Phytochemical-related anticancer drug combinations and their therapeutic effects
The limitations of conventional anticancer drugs, such as limited efficacy, adverse drug reactions, and acquired resistance, have been well-documented. In contrast, phytochemicals present distinct advantages, including multi-pharmacological regulation82,83 low toxicity84,85 and good tolerance86,87,88,89 which help mitigate some of the drawbacks associated with conventional anticancer drugs. The effectiveness and safety of a drug are largely contingent upon its multi-dimensional interactions with various molecular types within its combination90,91,92. A comprehensive and integrative understanding of these interactions is crucial for determining whether phytochemical-drug combinations exhibit synergistic or antagonistic effects. These concomitant drugs have been categorized according to five interaction effects of phytochemicals: (i) drugs whose efficacy can be enhanced by the phytochemicals, (ii) drugs whose resistance can be reversed by the phytochemicals, (iii) drugs whose toxicity can be decreased by the phytochemicals, (iv) drugs whose efficacy can be decreased by the phytochemicals, (v) drugs whose toxicity can be increased by the phytochemicals. Among these interactions, enhancing drug efficacy, reversing drug resistance, and decreasing drug toxicity are considered as synergistic effects, whereas reducing drug efficacy and enhancing drug toxicity are considered as antagonistic effects.
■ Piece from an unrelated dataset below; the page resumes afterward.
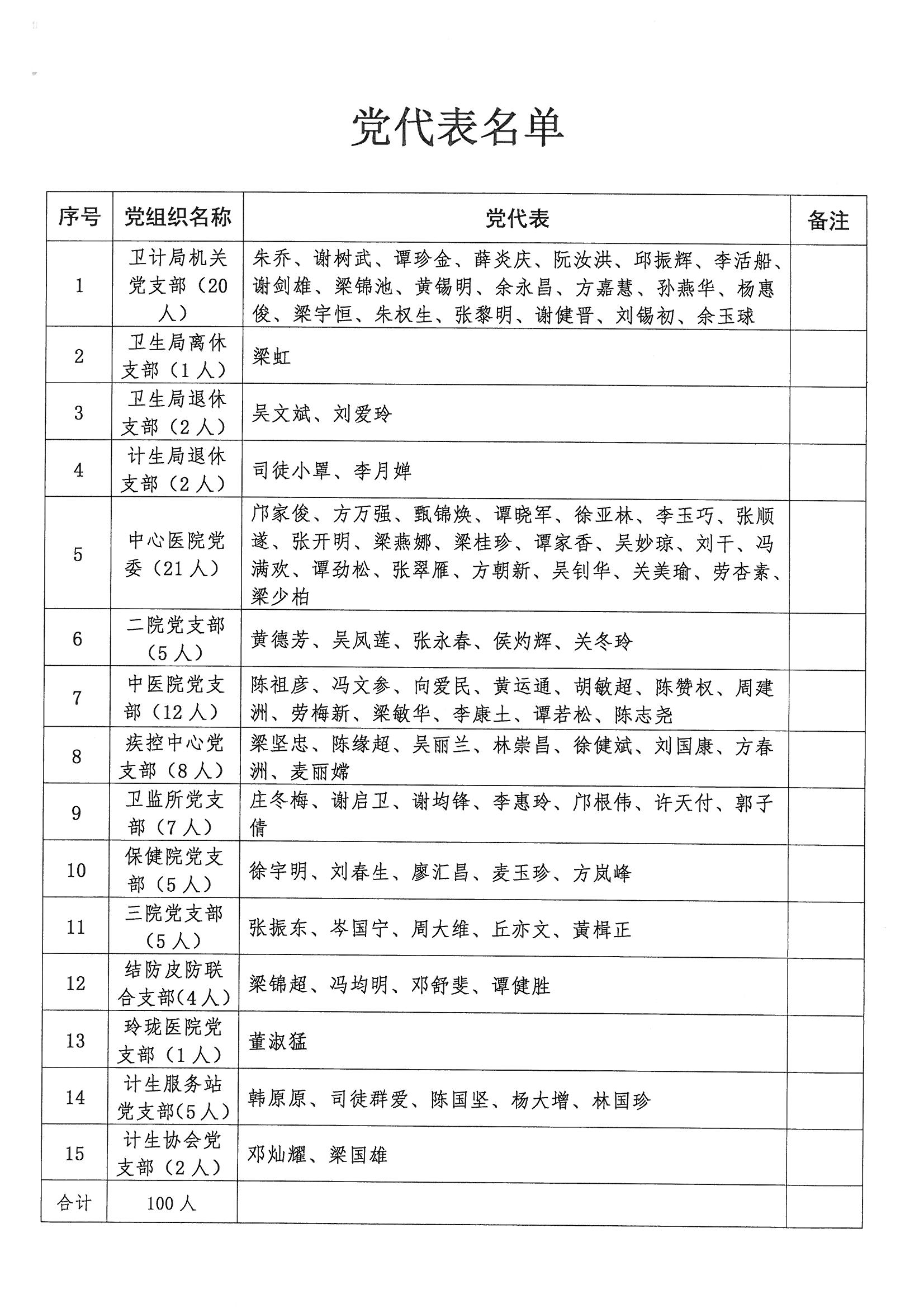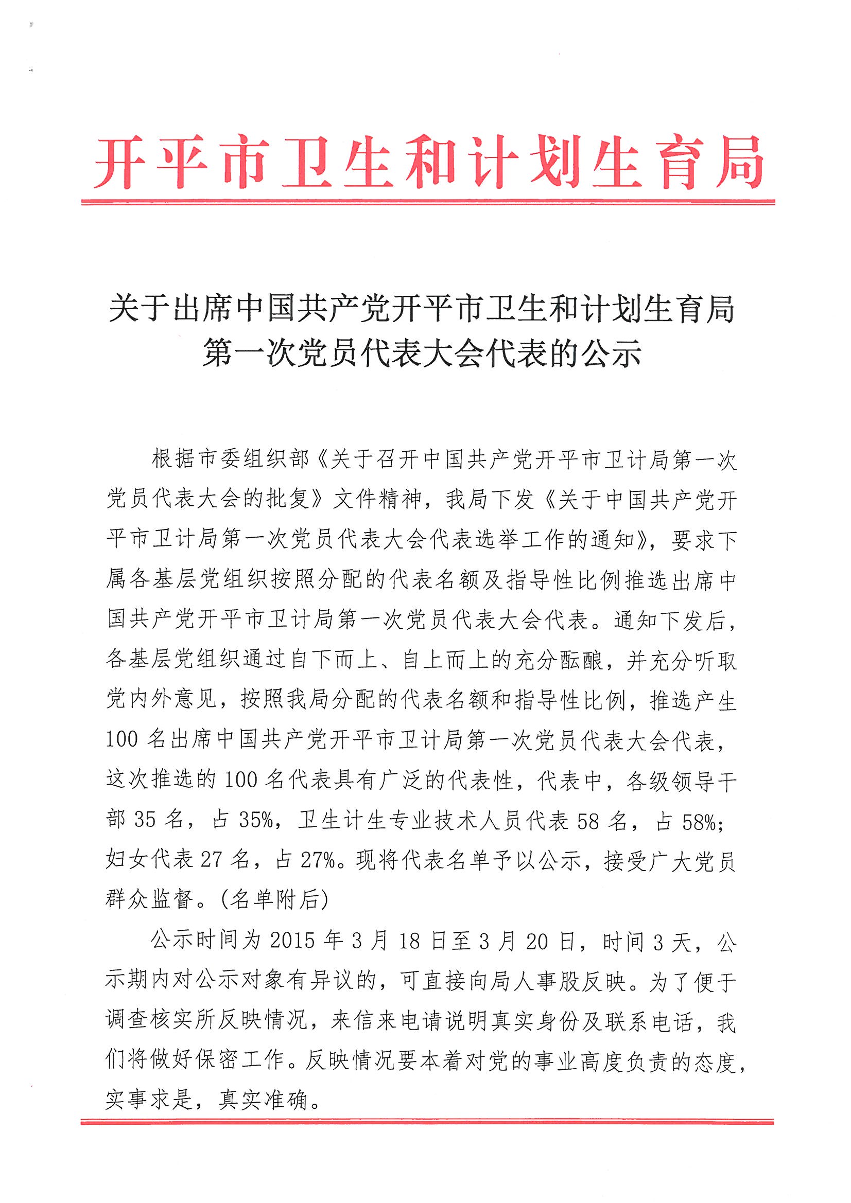 關于出席中國共產黨開平市衛(wèi)生和計劃生育局第一次黨員代表大會代表的公示
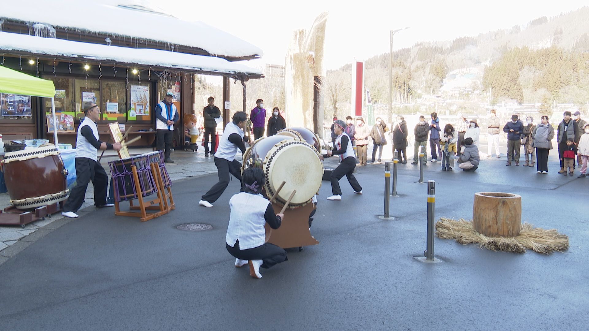 有料区間から1キロほどの場所にある道の駅は記念イベントを開催。沿線の7つのおやき店から集めたおやきに、中条産のもち米と小豆で作ったおしるこ。

In the InterPAD database, the interactions between phytochemicals and drugs are systematically visualized and analyzed. The database reveals that 307 phytochemicals enhanced the efficacy of 198 anticancer drugs across 760 interactions, benefitting the treatment of 66 cancer types, 72 phytochemicals have been identified to reverse drug resistance in 28 anticancer drugs through 93 interactions, addressing 19 cancer types. Furthermore, 65 phytochemicals were noted for their ability to reduce the toxicity of 34 anticancer drugs in 82 interactions, impacting 29 cancer types. Furthermore, the cold and hot theory in TCM is valuable framework for understanding the therapeutic application of medicinal plants. It helps evaluate clinical symptoms and potential adverse reactions of anticancer drugs, guiding in the selection of medicinal plants to mitigate these symptoms. This information is accessible in the “Search for Interaction by Effect” section of Drug Interaction in InterPAD.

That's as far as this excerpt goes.